To evaluate whether the fast-guess 2HT-RT model provides an acceptable approximation of Starns’ race model, we performed Monte Carlo simulations. We relied on simulations instead of analytical derivations since linking the two models analytically appeared to be intractable. Based on the R scripts provided by Starns (2018), we generated data from the race model for two conditions (speed vs. accuracy) each with two item types (target vs. lure). We simulated 250 replications with 1500 trials per condition (cf.
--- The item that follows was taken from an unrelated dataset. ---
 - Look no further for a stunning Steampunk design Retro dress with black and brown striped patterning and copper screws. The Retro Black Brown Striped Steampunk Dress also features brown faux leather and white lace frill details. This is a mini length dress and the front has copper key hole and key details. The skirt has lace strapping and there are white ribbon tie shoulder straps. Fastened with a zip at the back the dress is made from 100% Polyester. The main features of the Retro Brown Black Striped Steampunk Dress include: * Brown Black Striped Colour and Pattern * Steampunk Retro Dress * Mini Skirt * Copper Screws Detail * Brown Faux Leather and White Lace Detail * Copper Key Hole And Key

Starns, 2018) and data-generating parameters that were similar to those of the original simulations: The probability parameters \(D^{\text {old}}_{AV}\), \(D^{\text {new}}_{AV}\), and g were drawn from uniform distributions on the interval [.20,.80]. The detection RTs followed an ex-Gaussian with random parameters mean μD ∈ [0.400,0.800], standard deviation \(\sigma _{D} \in [0.050, \min \limits (\mu _{D}/5)]\), and mean of the exponential component λD ∈ [0.100,0.333]. The speed–accuracy trade-off was modeled by a manipulation of the mean parameter of the ex-Gaussian for guessing responses, with fast guesses in the speed condition, \(\mu ^{\text {speed}}_{G} \in [\mu _{D} - 0.200,\mu _{D} +0.200]\), and slow guesses in the accuracy condition, \(\mu ^{\text {acc}}_{G} \in [\mu _{D} + 0.200,\mu _{D} +0.500]\). Moreover, the two guessing RT distributions were identical with respect to the standard deviation σG ∈ [σD − 0.020, σD + 0.020] and the mean of the exponential component λG ∈ [λD + 0, λD + 0.300].
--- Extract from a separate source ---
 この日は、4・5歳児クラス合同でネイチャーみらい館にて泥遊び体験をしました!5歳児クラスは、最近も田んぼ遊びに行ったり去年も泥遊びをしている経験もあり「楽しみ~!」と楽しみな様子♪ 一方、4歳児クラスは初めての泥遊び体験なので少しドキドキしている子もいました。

In each replication, we fitted both the race model and the fast-guess model shown in Fig. 2 with two RT bins (using the geometric mean as RT boundary; Heck and Erdfelder 2016). As mentioned above, the latter model assumed that fast guesses do not occur in the accuracy condition (facc = 0), which renders the model identifiable. Figure 3 shows the recovery of this simulation, where the true, data-generating parameters are on the x-axis and the estimated parameters of the fast-guess model are on the y-axis. The results show that the fast-guess 2HT-RT model provides valid estimates of the two probabilities of available detection DAV for studied and new items, and also for the guessing probability g. Note that both detection probabilities are slightly underestimated (with an average difference of − .04). This is due to the shrinkage factor which is actually only close to one but not identical to one in the accuracy condition as assumed in our fast-guess model (cf. Fig. 1). Apart from this small expected bias, the model allows to measure differences in the parameters validly, as indicated by the high correlation between the estimated and the true parameters (rdo = .966, rdn = .974, and rg = .996). The fast-guess model also recovered the shrinkage factor r = 1 − f (cf. Eq. 1) quite well, the complement of the fast-guess probability (with a correlation of rr = .857). Moreover, the estimated order of the latent RT distributions was identical in all replications and followed the expected pattern that fast guesses were stochastically faster than detection responses, which in turn were stochastically faster than slow guesses (as reflected by the latency parameters Lf > LD > LG; for a detailed interpretation of these L parameters, see Heck & Erdfelder, 2016).

Fig. 3
figure3

Correlation of the data-generating parameters of the race model (x-axis) with the estimates of the fast-guess 2HT-RT with two RT bins (y-axis)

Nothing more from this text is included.